Top of SUPPLIED RECORDS

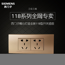 西门子开关插座家用墙壁面板三插十10孔5孔二三插118型香槟金
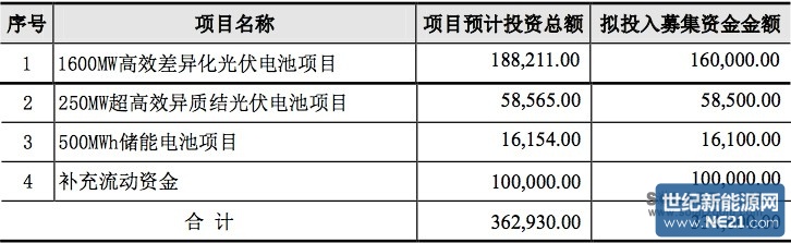 预案公告中,记者发现,18.82亿元将用于建设1.6GW的高效差异化电池项目,募资约16亿元;250MW的超高效异质结(下称“HIT”)光伏电池则需5.85亿元;500MWh储能电池项目的募资1.61亿元,此外10亿元用于补充流动资金。
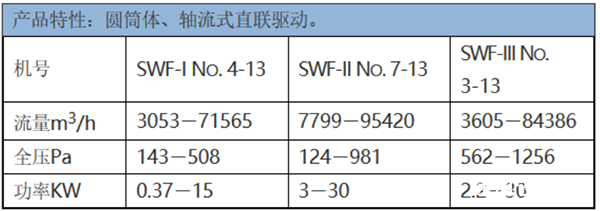3.SWF系列混流通風(fēng)機(jī)是介于軸流式和離心式通風(fēng)機(jī)之間的一種新型風(fēng)機(jī),具有離心式風(fēng)機(jī)的高壓力,軸流風(fēng)機(jī)的大流量,效率高,節(jié)能好,噪聲低,安裝方便等特點(diǎn)。風(fēng)機(jī)設(shè)計(jì)新穎,結(jié)構(gòu)緊湊,體積小,重量輕,易安裝,轉(zhuǎn)速小于2000r/min,噪聲低于75dB(A),風(fēng)機(jī)聯(lián)接管道和安裝在空調(diào)箱內(nèi)時(shí),噪聲小于70dB(A)。低壓離心風(fēng)機(jī),廣泛用于工業(yè),民用建筑通風(fēng)除塵等。
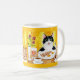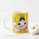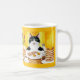 This painting is called "Sunny Side Up." You can customise the style and colour of this mug, as well as the background colour if you'd like. It's shown here on deep yellow, but it would also look great on other colours. This image is available on other products in my Zazzle store.
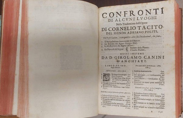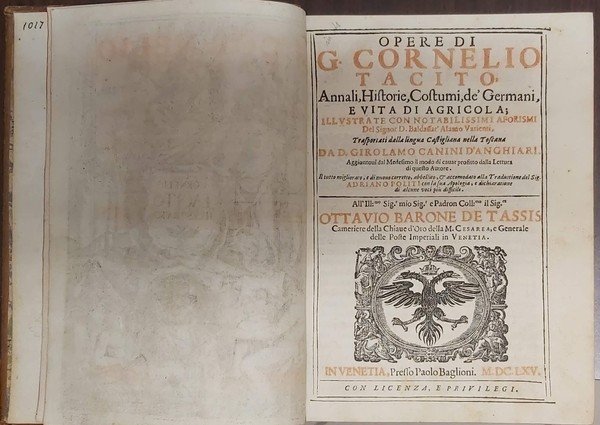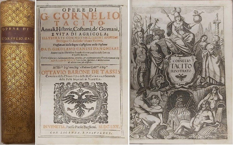 OPERE di… Annali, Historie, Costumi, de' Germani, e vita di Agricola, illustrate con notabilissimi aforismi del Signor D. Baldassar' Alamo Varienti. Trasportati dalla lingua Castigliana nella Toscana da D. Girolamo Canini d'Anghiari. Aggiuntovi del medesimo il Modo di cavar profitto dalla lettura di questo Autore. Il tutto migliorato e di nuovo corretto. del Sig. Adriano Politi.
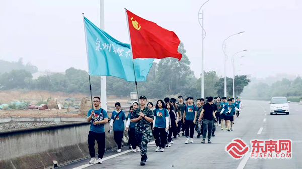 (闽南网记者 曾小琴 尤燕姿 通讯员 洪春锦 邓皓予 杨颖聪)今日是五四青年节。今早清晨5点4分,泉州职业技术大学百名师生,从晋江内坑校园出发,徒步20公里,来到晋江新塘街道梧林传统村落。他们用脚步丈量城市红色...
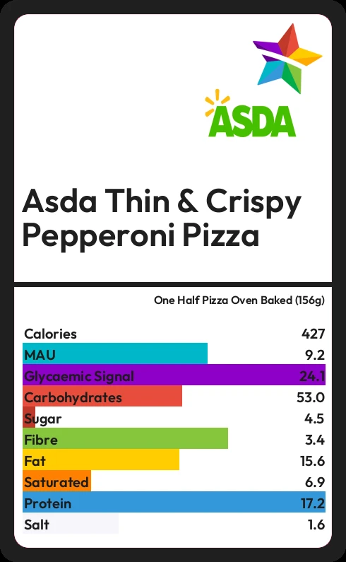 Asda Thin & Crispy Pepperoni Pizza contains 427.4 calories in one Half Pizza Oven Baked (156g).
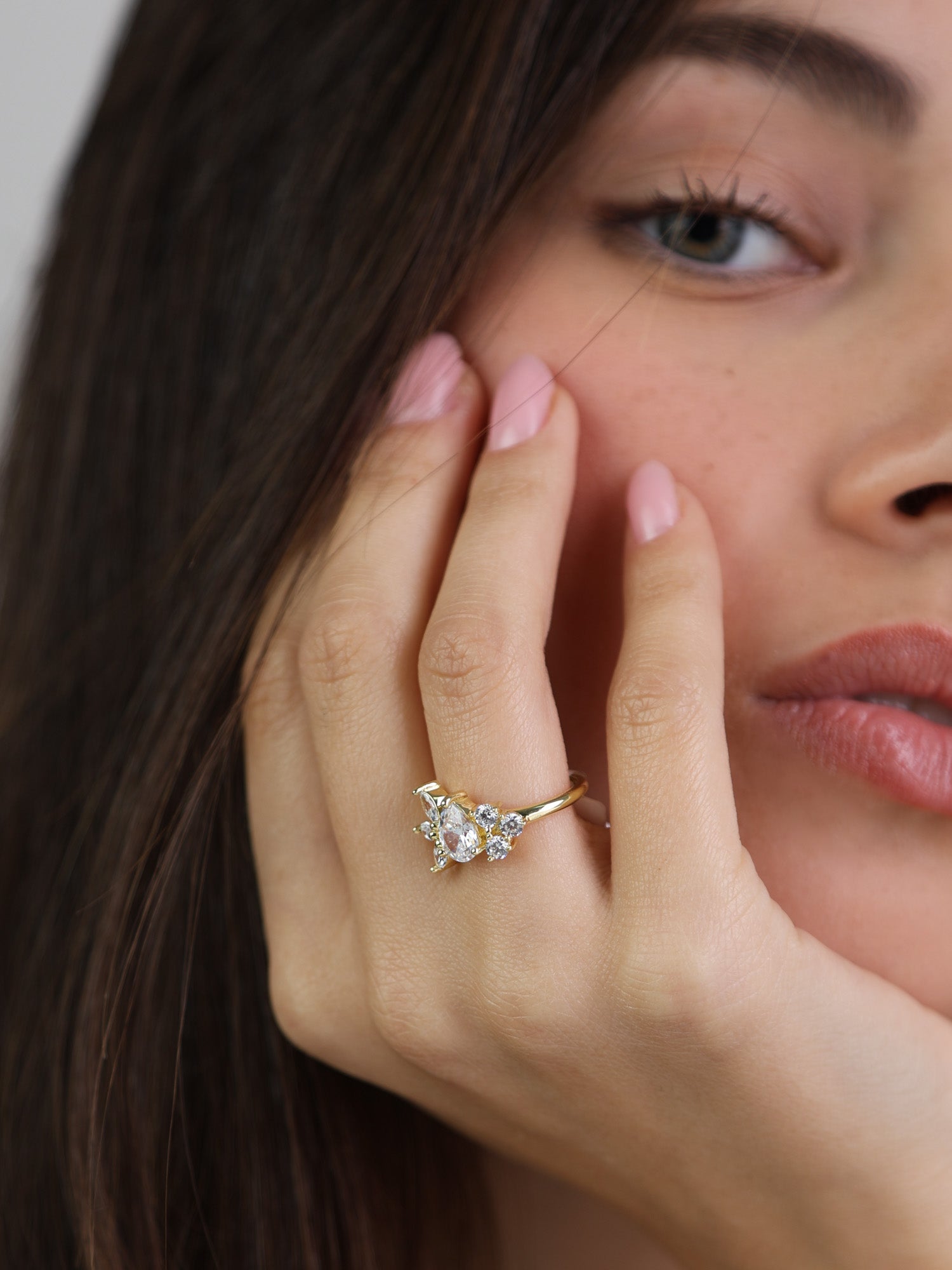 Anel Delicado, Banhado a Ouro, Zircónia de cultivo
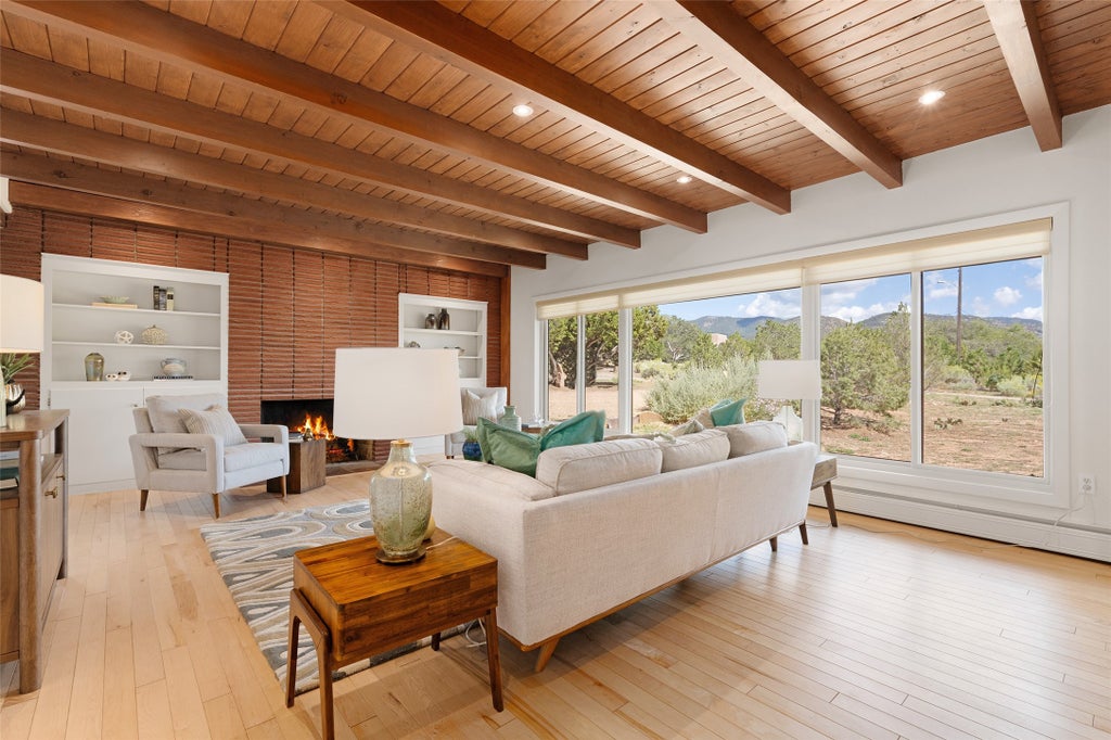 Set apart from the ordinary and just 2.5 miles from the Santa Fe Plaza, this striking custom Stamm home blends classic Northern New Mexico pitched-roof architecture with timeless Santa Fe charm. Sited on a generous 0.70-acre lot with expansive views of the foothills and Ortiz Mountains, this home offers a rare sense of space and privacy — all while keeping you close to the heart of town. Thoughtfully renovated throughout, the main residence features three bedrooms, wood floors, and a warm, wood-plank ceiling with exposed beams. The living room centers around a charming brick fireplace flanked by custom bookcases, and the stylish kitchen boasts cool glass tile backsplash, great gas cook top, ample storage, and even a wood burning fireplace for ambiance. The sunlit primary suite includes California Closets and a beautifully modern bath with a large walk-in shower. A fully operational photovoltaic solar system helps keep energy costs low. A standout feature of the property is the detached 750-square-foot studio — complete with its own 100-amp service, ¾ bath, soaring ceilings, custom wrought iron doors, and an upstairs loft (not included in the listed square footage). Whether you're an artist, entrepreneur, or simply seeking bonus flex space, this studio delivers. Recent improvements include a Propanel roof, new Anderson windows, high efficiency tankless water heater, remodeled bathrooms, new tile and wood flooring, updated kitchen countertops (2024), all-new interior lighting (2023), and fresh paint throughout (2025). This is a one-of-a-kind offering that feels private and peaceful — yet is mere minutes from galleries, dining, and all the cultural vibrancy of downtown Santa Fe.
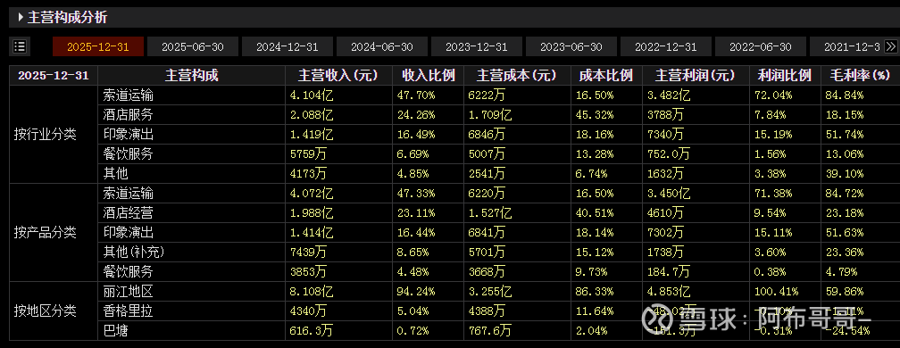 主要收入来源是索道收入,毛利率84%占利润比例72%。这个索道业务就是印钞机,业务简单易懂,变化因素就是客流量。云南是旅游大省,所以该业务现金流能够很稳定,同时公司的分红也很稳定,周一买入价格股息率达到了4%。
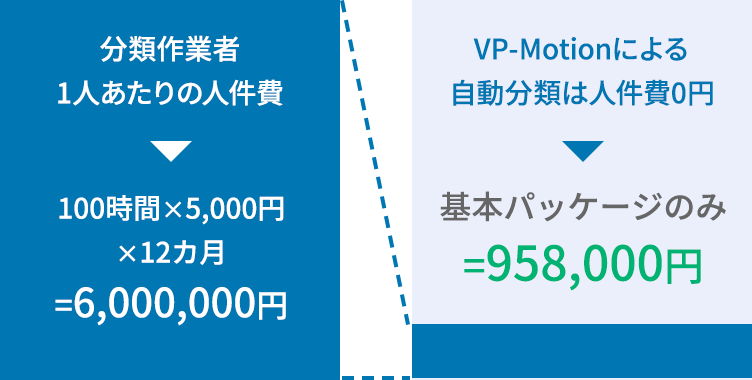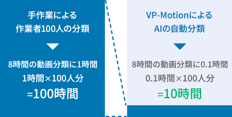 VP-Motionを実際に導入した効果の例として、作業者100人の作業が録画された動画データから作業内容の分類を行う際に、手作業の場合とVP-Motionを活用した場合の、作業時間やコストを比較すると以下のような削減効果が見込めます。

Bottom of SUPPLIED RECORDS

→ **WORK INSTRUCTION**: Although the records above contain pictures, the copy should hold only the lines from their start through the line containing "预案公告中,记者发现,18.", each exactly as written, and none of the pictures.

→ **WORKED SOLUTION**:
 西门子开关插座家用墙壁面板三插十10孔5孔二三插118型香槟金
 预案公告中,记者发现,18.82亿元将用于建设1.6GW的高效差异化电池项目,募资约16亿元;250MW的超高效异质结(下称“HIT”)光伏电池则需5.85亿元;500MWh储能电池项目的募资1.61亿元,此外10亿元用于补充流动资金。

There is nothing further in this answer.